In this paper we describe a new techniques for the direct comparison of the shape of two objects where it is not necessary that both samples are located at the same place. In contrast to the wellknown incoherent techniques based on inverse fringe projection this new approach prefers a coherent mask that is used for the illumination of the sample object. The coherent mask is created by Digital Holography to enable the instant access to the complete optical information of the master object at any wanted place. The transmission of the digital master holograms to this place can be done via digital telecommunication networks.

The availability of the complete optical information of the master object in the form of its digital hologram makes it possible to compare its shape and deformation with those of a sample object having a different microstructure. This can be done in two ways:


• digital comparison of the respective phase distributions of the relevant digital holograms or
• analogue comparison of both interferograms by Digital Comparative Holography.

In the case of a digital comparison the difference phases of the master object and the sample object are subtracted directly in the computer. This results in a disappearance of the object shape and the appearance of the shape difference between the two objects. In case of the analogue technique the digital interferogram of the master object has to be reconstructed by a digital light modulator such as a liquid crystal spatial light modulator or a digital mirror device. The reconstructed hologram is used for the coherent illumination of the sample object. This delivers the basis for making Comparative Digital Holography which leads to an interferogram that indicates only the difference in shape or deformation between master and sample.

2. Different Approaches for the Master-Sample-Comparison by Optical Inspection

The comparison of the shape of two nominally identical but physically different objects is a standard task in industrial inspection: the so-called master-sample-comparison. In case of objects having optically smooth surfaces, such as lenses and mirrors, holographic techniques have been applied since many years [1]. However, the optical inspection of industrial components having rough surfaces is a more complicated task. The application of interferometric techniques is limited here to rather simple objects as for instance cylindrical shells. The difficulty consists in the difference of the microstructures of the objects to be compared. Because of the strong decorrelations of the interfering wave fronts a statistical interference pattern will appear only. Therefore grazing incidence of light is preferred to reduce the interferometric sensitivity of the setup [2,3].

In recent years various methods have been developed that are based on white light fringe projection [4]. A fast comparison between master and sample can be performed if the inverse fringe pattern of the master object is used for the structured illumination of the sample object [5,6,7]. The inverse pattern can be calculated for instance by a special ray-tracing method that is based on a correspondence between the pixels of the CCD-sensor and the LCD/DMDprojector. If the sample object completely fits the shape of the master piece the inverse projection delivers an equidistant and non-distorted fringe pattern. Every deviation between master and sample causes local distortions in the fringe pattern which can be detected very fast by means of correlation and Fourier processing techniques, respectively.

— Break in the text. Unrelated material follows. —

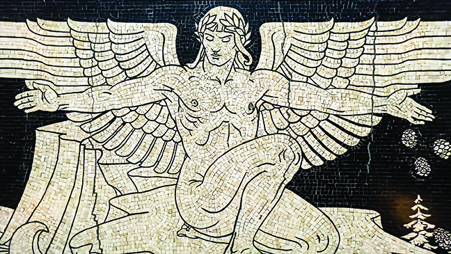 And you won’t be able to miss Hildreth Meiere’s magnificent mosaics underfoot in the Great Hall and Rotunda. One, called the Genius of Creative Energy, is the background of the new Nebraska license plates. The mosaics feature old classical nudes surrounded by new-world symbols of tens of thousands of marble tiles. Just the belly button of one takes eight tiles, according to a tour guide.
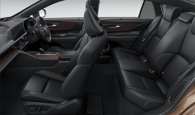 リアデザインは、一文字に繋がるテールランプが特徴的で、ワイド感を強調しつつ、先進的な印象を与えます。どの角度から見ても隙のない、まさに「美しいセダン」と呼ぶにふさわしいデザインです。日本の道路環境にも配慮しつつ、海外の高級セダンと肩を並べる存在感を放ちます。

The need of matching microstructures caused an important consequence for conventional holographic interferometry: the limitation to the comparison of an object with itself in two or more different states. The comparison of the shapes or the responses to a loading of two nominally identical but physically different objects made it necessary to evaluate the resulting interferograms independently and to compare the data numerically. A more elegant approach, the so-called Comparative Holographic Moiré Interferometry, was introduced by Rastogi [8] and Simova et al [9]. The method is based on the incoherent superposition of the involved interferograms and the evaluation of the resulting Moiré pattern. The appearing Moiré fringes provide a direct indication of the difference between the both objects. However, the sensitivity of this method is limited due to the poor signal-to-noise ratio in the Moiré image.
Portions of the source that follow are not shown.